[[ Data extracts open ]]

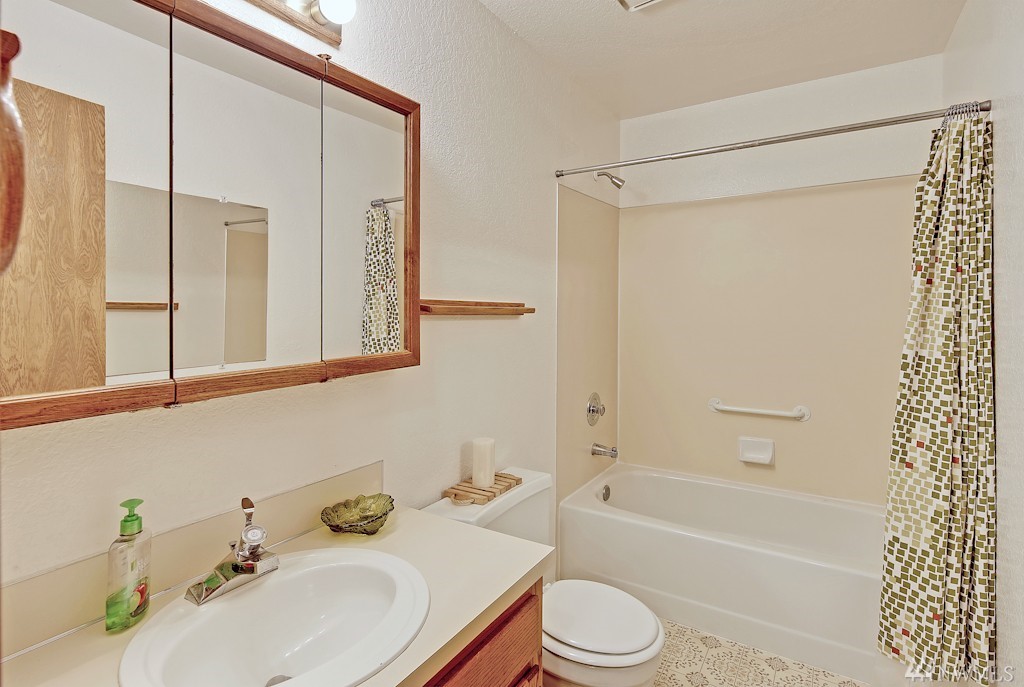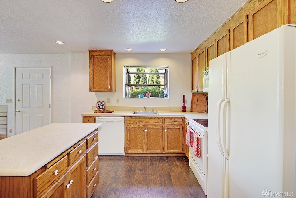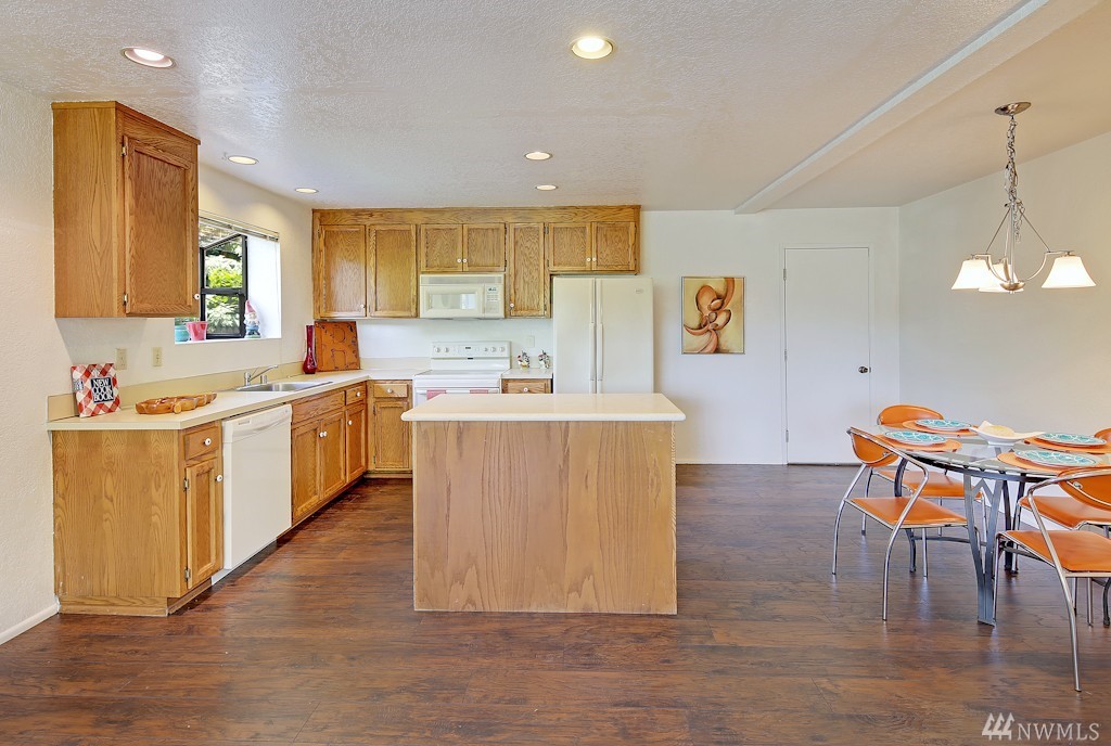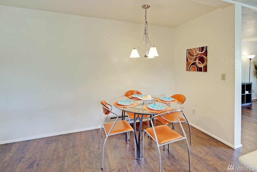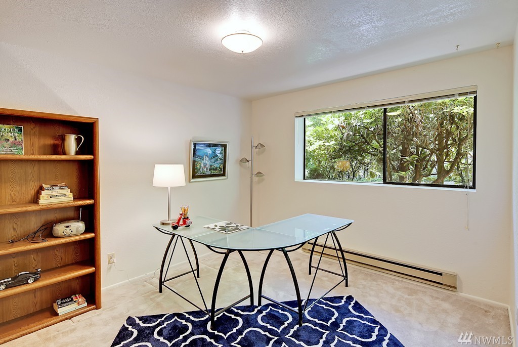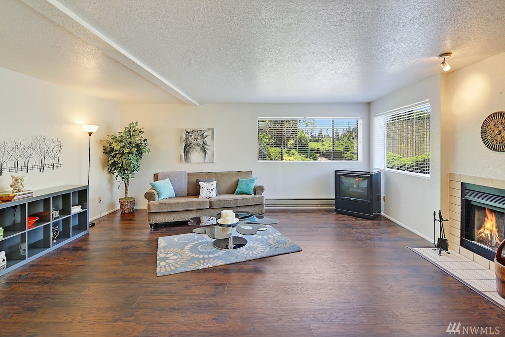 Location! Location! Beautiful close in, ground floor, light filled, corner Shoreline condo! Large Master bedroom with walk-in closet and en suite bathroom. New wide-plank laminate flooring, updated paint, light fixtures, blinds, master and kitchen island granite tops. Great room concept with Kitchen, Dining, Living room, Entry. Rare- Private garage for storage and entrance! Wood burning fireplace and amazing Shoreline Schools/parks. Easy commute. This one won't last!!
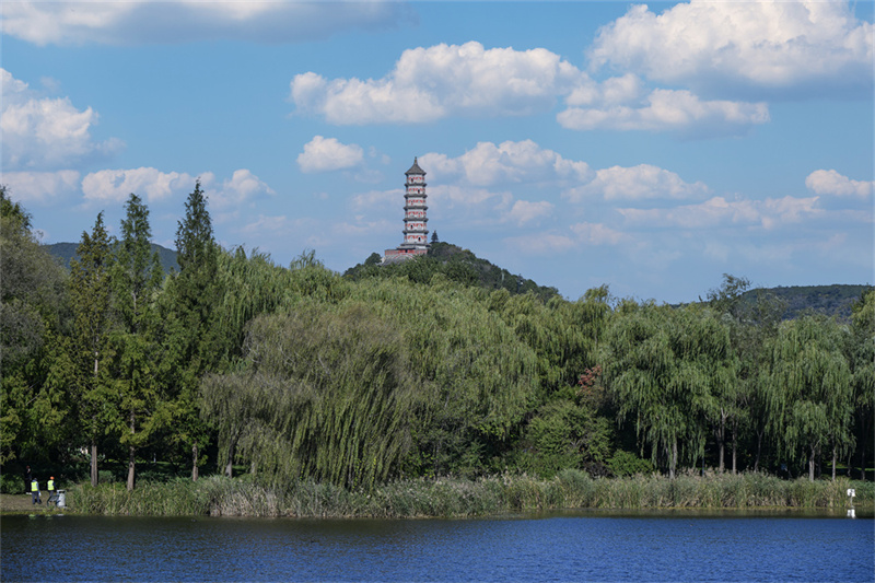 仲秋一日,天朗气清,果香馥郁,我踏入北坞公园采风。首先映入眼帘的是“高湖塔影”这一迷人景点。伫立湖畔,遥望玉泉山,峰塔倒映碧水,构成一幅流动的山水长卷。晴空如洗,云影徘徊,为这幅自然佳作添了几许诗意。山色青黛,湖光潋滟,每一帧皆如诗中逸笔,让人沉醉难返。
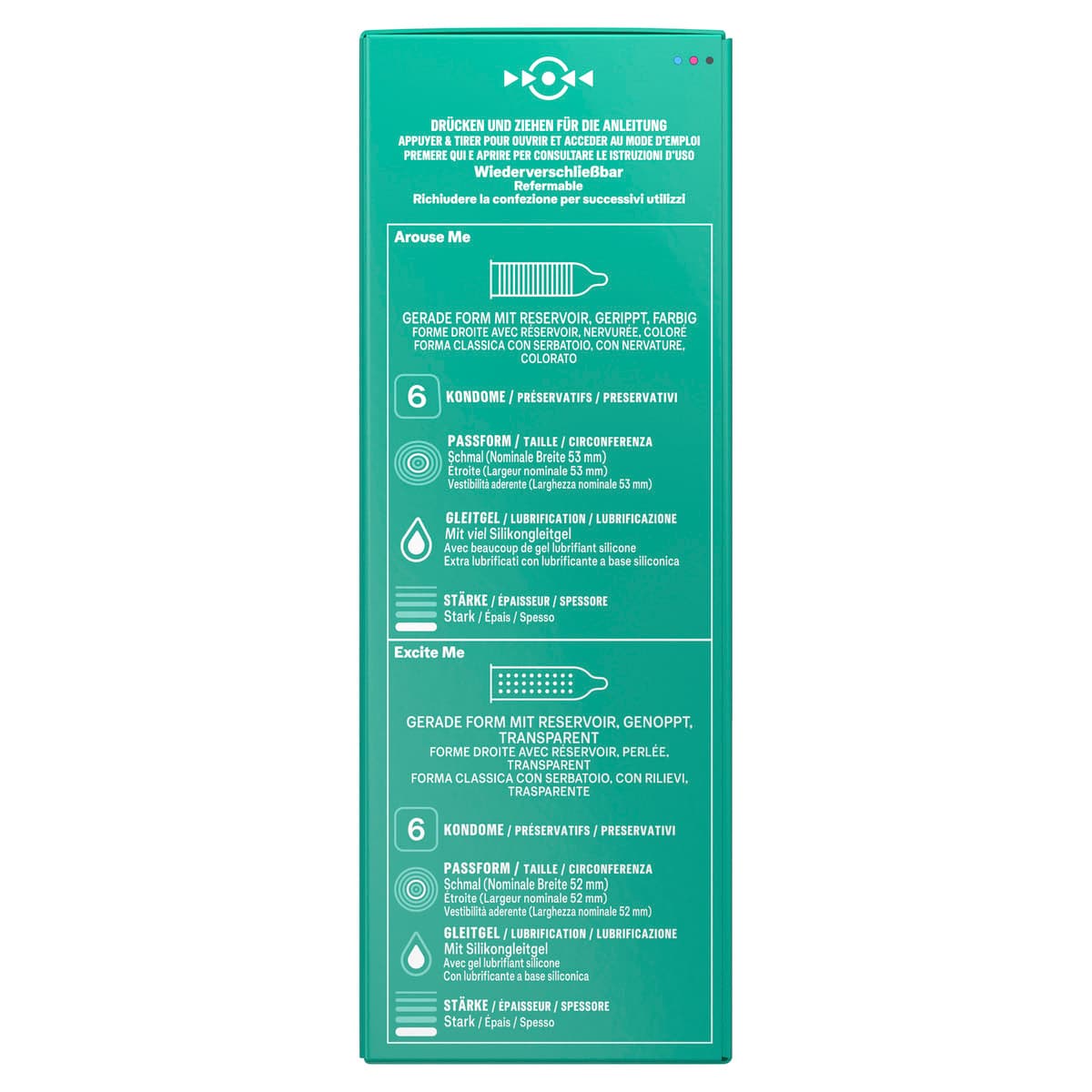 - FÜR UNTERSCHIEDLICHSTE BEDÜRFNISSE: Die Mixpackung enthält dünne Kondome für intensives Empfinden (Gefühlsecht Classic), fruchtige Erdbeer-Kondome (Erdbeere) sowie Kondome mit Rippen (Arouse Me) und Noppen (Excite Me) für extra Stimulation
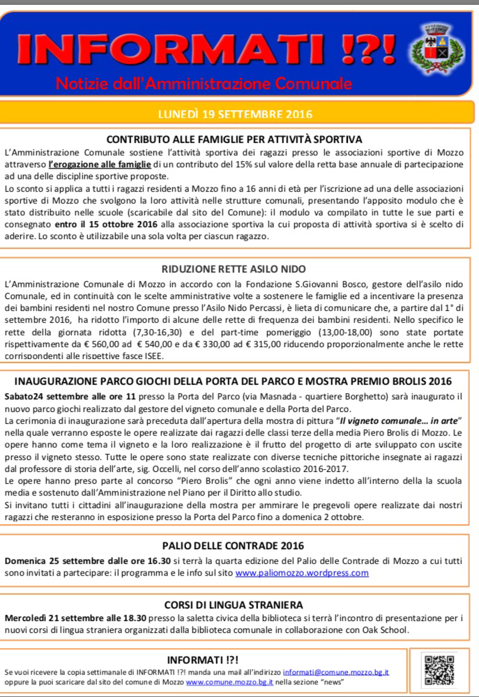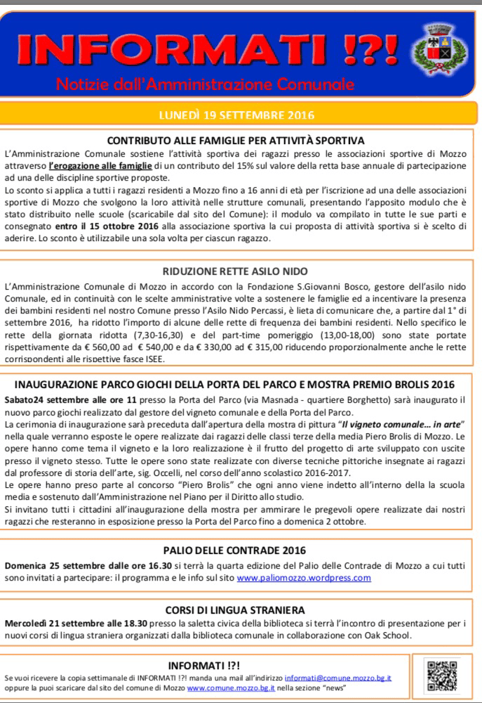 Mozzo/Comune: Informati del 19 settembre admin20 settembre 2016blog post Navigazione articoli PrecedenteContinua Condividi:CondivisioneTweet Fai clic qui per stampare (Si apre in una nuova finestra) Stampa Fai clic per inviare un link a un amico via e-mail (Si apre in una nuova finestra) E-mail Mi piace Caricamento... Correlati
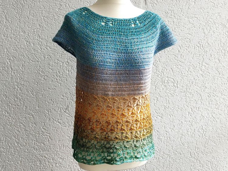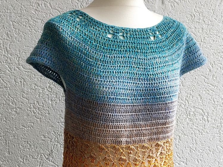 Die Tunika „Frühlingsduft“ wird von oben nach unten gearbeitet. Wir häkeln eine Rundpasse.
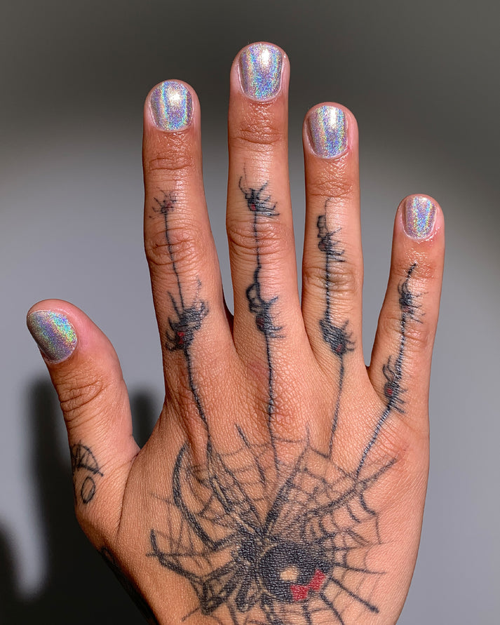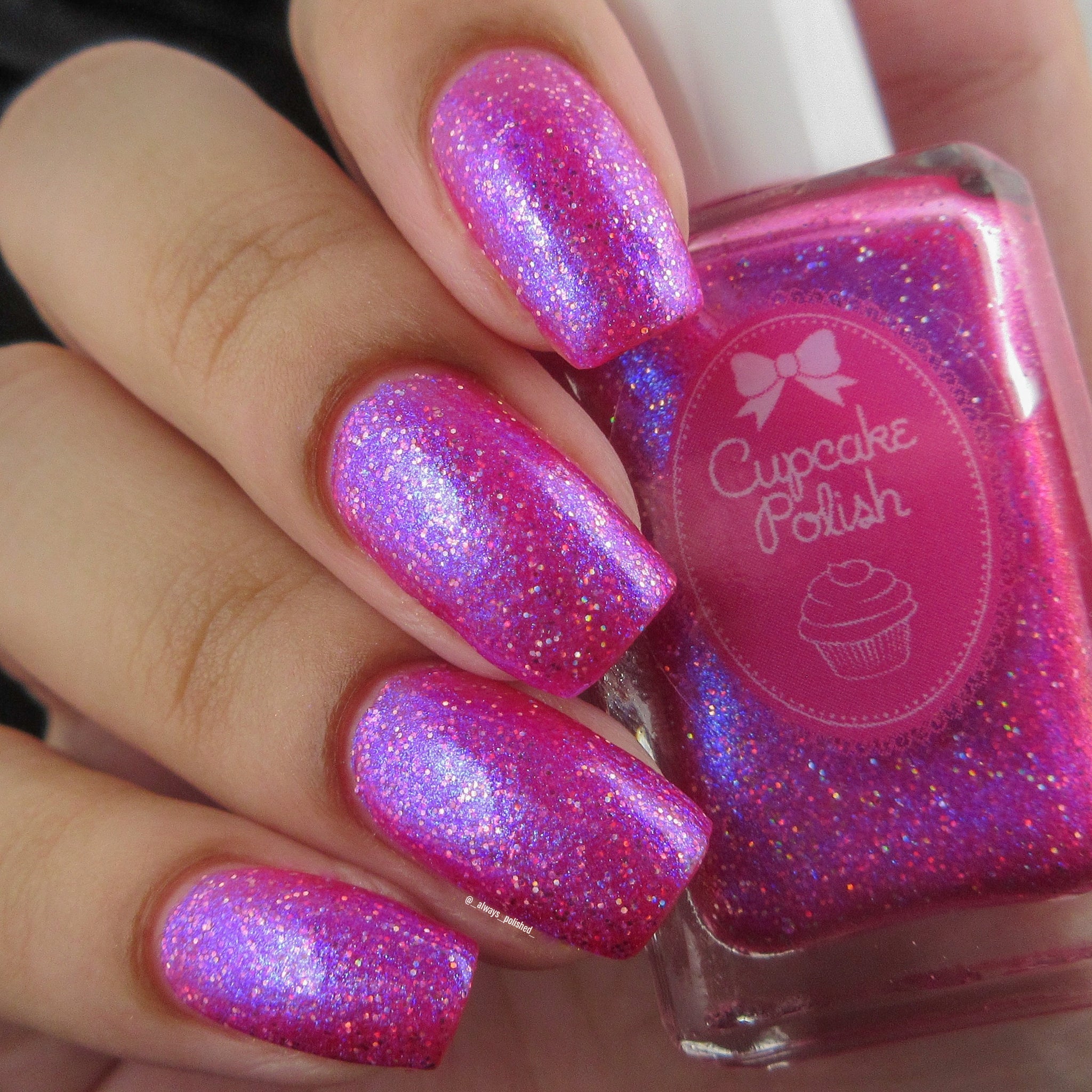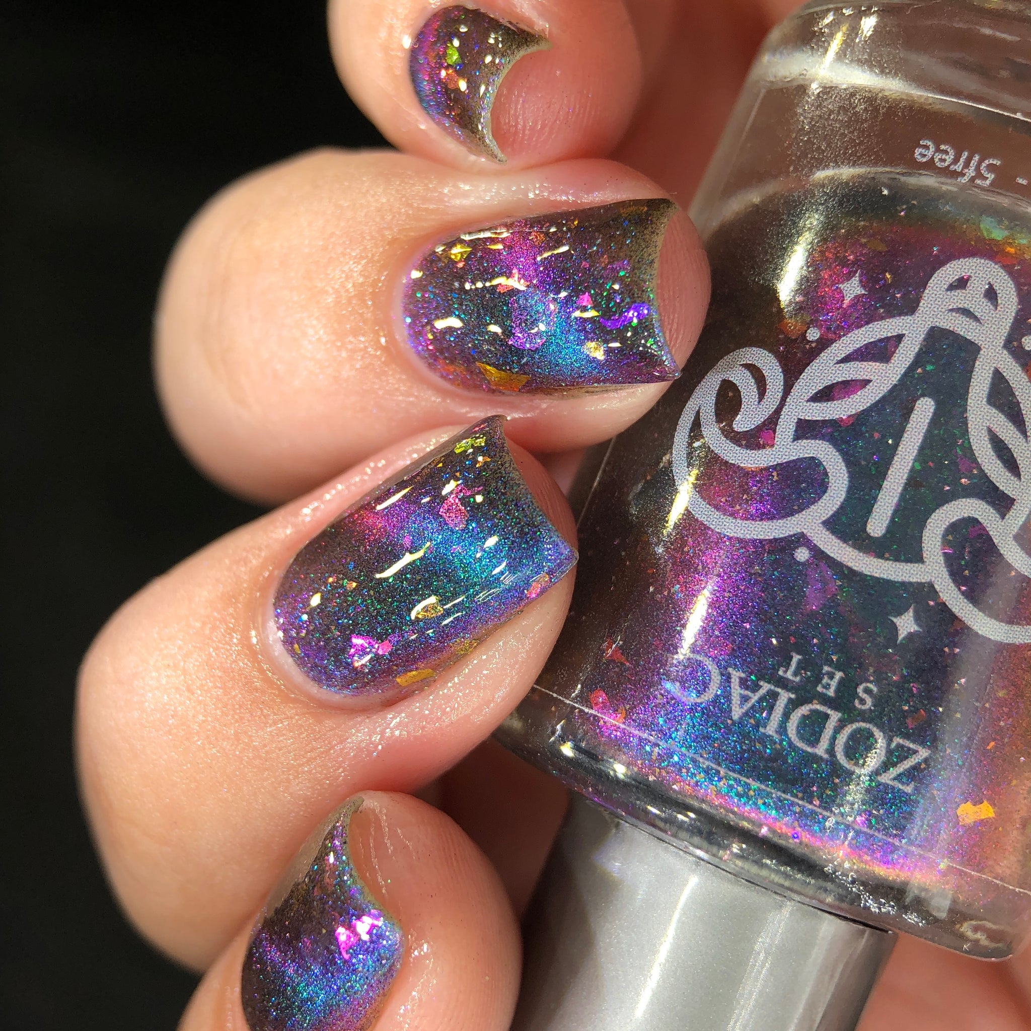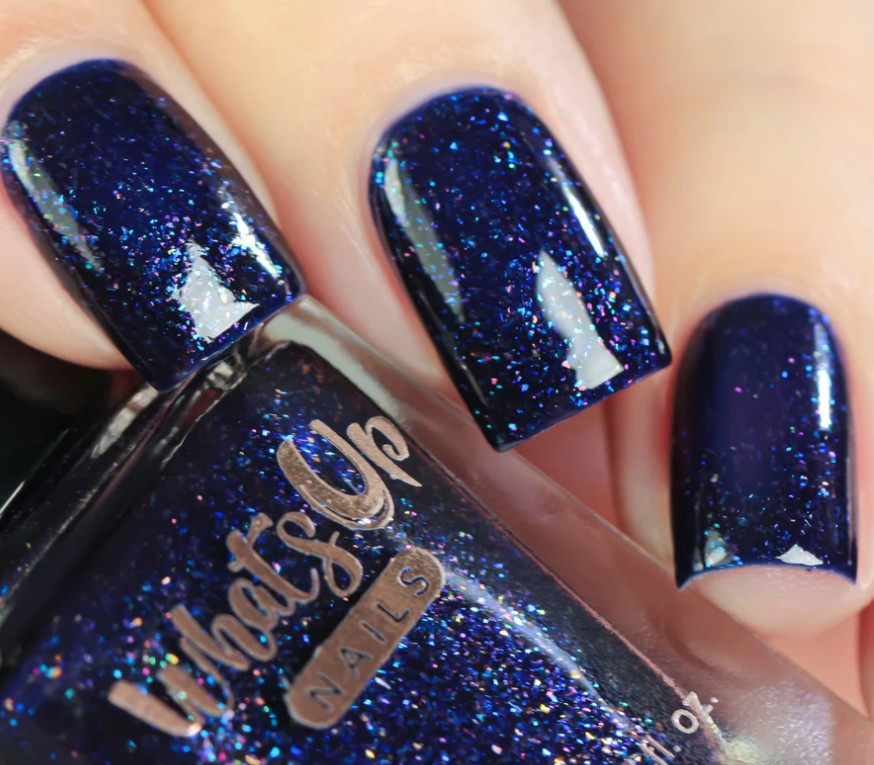 Multichrome flakie filled with holographic glitter that shifts between shades of blue and purple

[[ Data extracts closed ]]

**Task instructions:** Write every line above out again exactly; pictures do not belong in the copy.

**Written response:**
 Location! Location! Beautiful close in, ground floor, light filled, corner Shoreline condo! Large Master bedroom with walk-in closet and en suite bathroom. New wide-plank laminate flooring, updated paint, light fixtures, blinds, master and kitchen island granite tops. Great room concept with Kitchen, Dining, Living room, Entry. Rare- Private garage for storage and entrance! Wood burning fireplace and amazing Shoreline Schools/parks. Easy commute. This one won't last!!
 仲秋一日,天朗气清,果香馥郁,我踏入北坞公园采风。首先映入眼帘的是“高湖塔影”这一迷人景点。伫立湖畔,遥望玉泉山,峰塔倒映碧水,构成一幅流动的山水长卷。晴空如洗,云影徘徊,为这幅自然佳作添了几许诗意。山色青黛,湖光潋滟,每一帧皆如诗中逸笔,让人沉醉难返。
 - FÜR UNTERSCHIEDLICHSTE BEDÜRFNISSE: Die Mixpackung enthält dünne Kondome für intensives Empfinden (Gefühlsecht Classic), fruchtige Erdbeer-Kondome (Erdbeere) sowie Kondome mit Rippen (Arouse Me) und Noppen (Excite Me) für extra Stimulation
 Mozzo/Comune: Informati del 19 settembre admin20 settembre 2016blog post Navigazione articoli PrecedenteContinua Condividi:CondivisioneTweet Fai clic qui per stampare (Si apre in una nuova finestra) Stampa Fai clic per inviare un link a un amico via e-mail (Si apre in una nuova finestra) E-mail Mi piace Caricamento... Correlati
 Die Tunika „Frühlingsduft“ wird von oben nach unten gearbeitet. Wir häkeln eine Rundpasse.
 Multichrome flakie filled with holographic glitter that shifts between shades of blue and purple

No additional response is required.